I can tell myself there was a point to all of this. I can tell myself they’ll pull Trish back from the edge, that she slipped, lost the plot, but that recovery is on the way, and she will make an honest effort to get better and be better and work to become her best self, which is the thing that makes a true hero. I can tell myself they’ll repair her relationship with Jessica, and the two of them will come out of this with a stronger, more healthy dynamic because they’ll finally openly address the ugly things that were festering. I can tell myself that, but I can’t trust it. 

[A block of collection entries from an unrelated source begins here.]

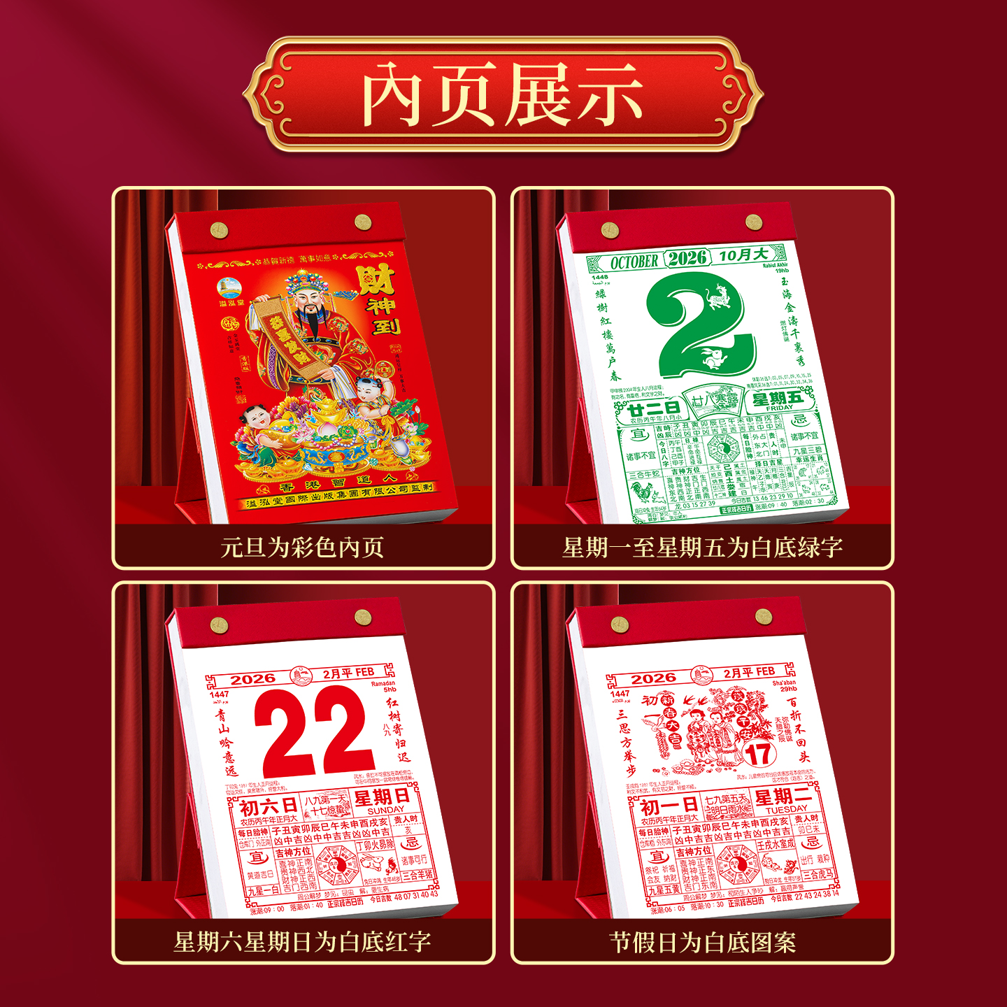 桌面立式日历2026年手撕老黄历大号台历每天一撕皇历正版老式手撕万年历年历家用黄历农历桌面立式每日一页
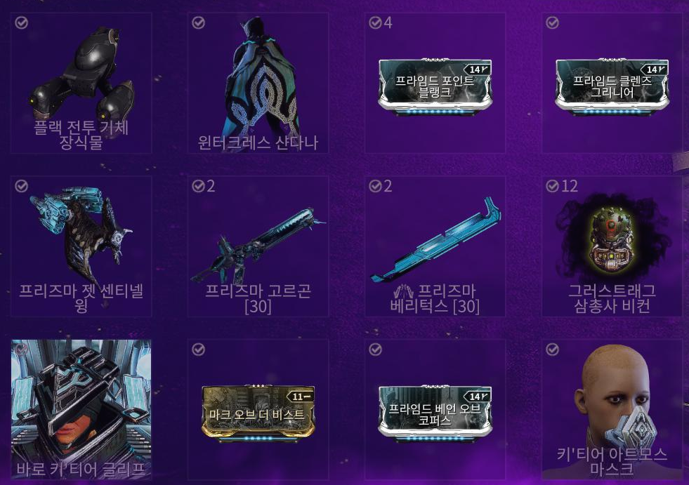 [워프레임] 프라임 리서전스 바르지아 12월 22일 ~ 2022년 1월 5일까지 상점 상품 (0) | 2021.12.29 |
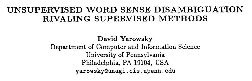 论文 2:Unsupervised Word Sense Disambiguation Rivaling Supervised Methods
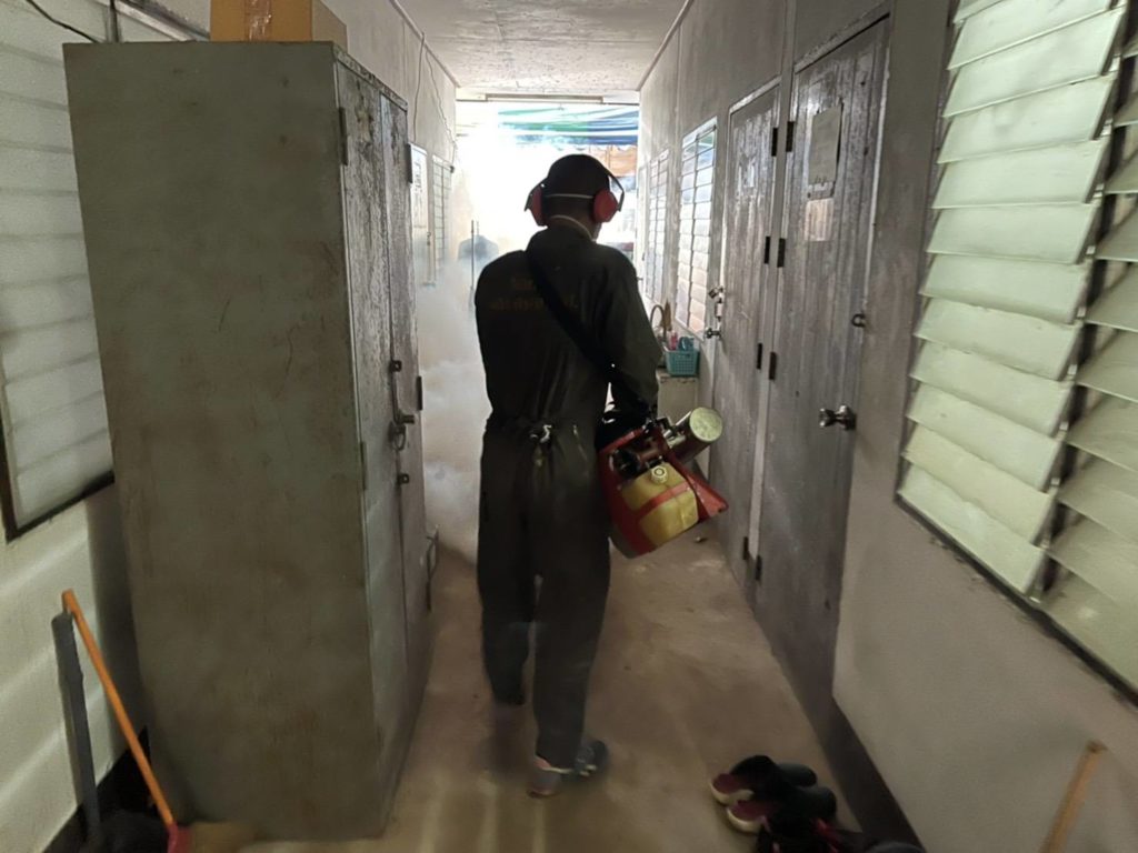 เมื่อวันที่ 27 เม.ย.64 ร้อย.พ.กอง สนช.กจต. ดำเนินการสำรวจลูกน้ำยุงลาย ทำลายแหล่งเพาะพันธุ์ หยอดทรายอะเบท พร้อมทั้งให้คำแนะนำกำลังพลตามหน่วยต่าง ๆ กำชับให้ช่วยกันดูแลความสะอาด รอบ ๆ พื้นที่ไม่ให้มีภาชนะน้ำขัง ที่เป็นแหล่งเพาะพันธุ์ลูกน้ำยุงลายเพื่อป้องกันการเกิดโรคไข้เลือดออกภายในค่ายตากสิน ผลการดำเนินงานเป็นไปด้วยความเรียบร้อย กปช.จต. / หน่วยขึ้นตรง เมื่อวันที่ 27 เม.ย.64 ร้อย.พ.กอง สนช.กจต. ดำเนินการสำรวจลูกน้ำยุงลาย ทำลายแหล่งเพาะพันธุ์ หยอดทรายอะเบท พร้อมทั้งให้คำแนะนำกำลังพลตามหน่วยต่าง ๆ กำชับให้ช่วยกันดูแลความสะอาด รอบ ๆ พื้นที่ไม่ให้มีภาชนะน้ำขัง ที่เป็นแหล่งเพาะพันธุ์ลูกน้ำยุงลายเพื่อป้องกันการเกิดโรคไข้เลือดออกภายในค่ายตากสิน ผลการดำเนินงานเป็นไปด้วยความเรียบร้อย Read More »
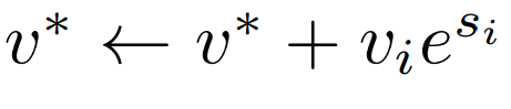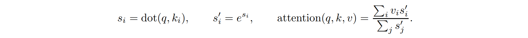 이는 상수 메모리로 계산할 수 있다.: 이 알고리즘의 메모리 overhead는 벡터 v와 스칼라 s로 구성되며, 둘 다 0으로 초기화된다. Query q, key k, value v가 주어지면 key와 value를 순서대로 처리한다. key와 value 쌍 ki, vi가 주어지면 si = dot(q, ki)를 계산하고 v* ← v* + + vi e^si와 s* ← s* + + e si를 업데이트한다. 모든 key와 value를 처리한 후 v*/s*를 분할하여 최종 결과를 얻는다.

I trusted the writers once already. I trusted them to treat Trish with compassion and kindness, even as they broke her down and took her to dark places. I trusted them to show a difficult, complicated but still ultimately affirming and unconditional love between her and Jessica. But they broke my trust. How can I have faith about what they’ll do next season? How can I believe they’ll lift Trish back up and mend things with Jessica instead of taking her down a path of outright villainy? Honestly, making her a villain seems about as likely as anything else at this point. So I can’t trust them, and because this show doesn’t follow a typical schedule, I also won’t even get to know what direction they’ll take for at least another two years. And it’s just not a good feeling to have to sit with. It sucks when you invest so much of yourself into something, and then the things that meant the most to you about it get pulled out from under you, and you can’t even trust that it’ll actually get better.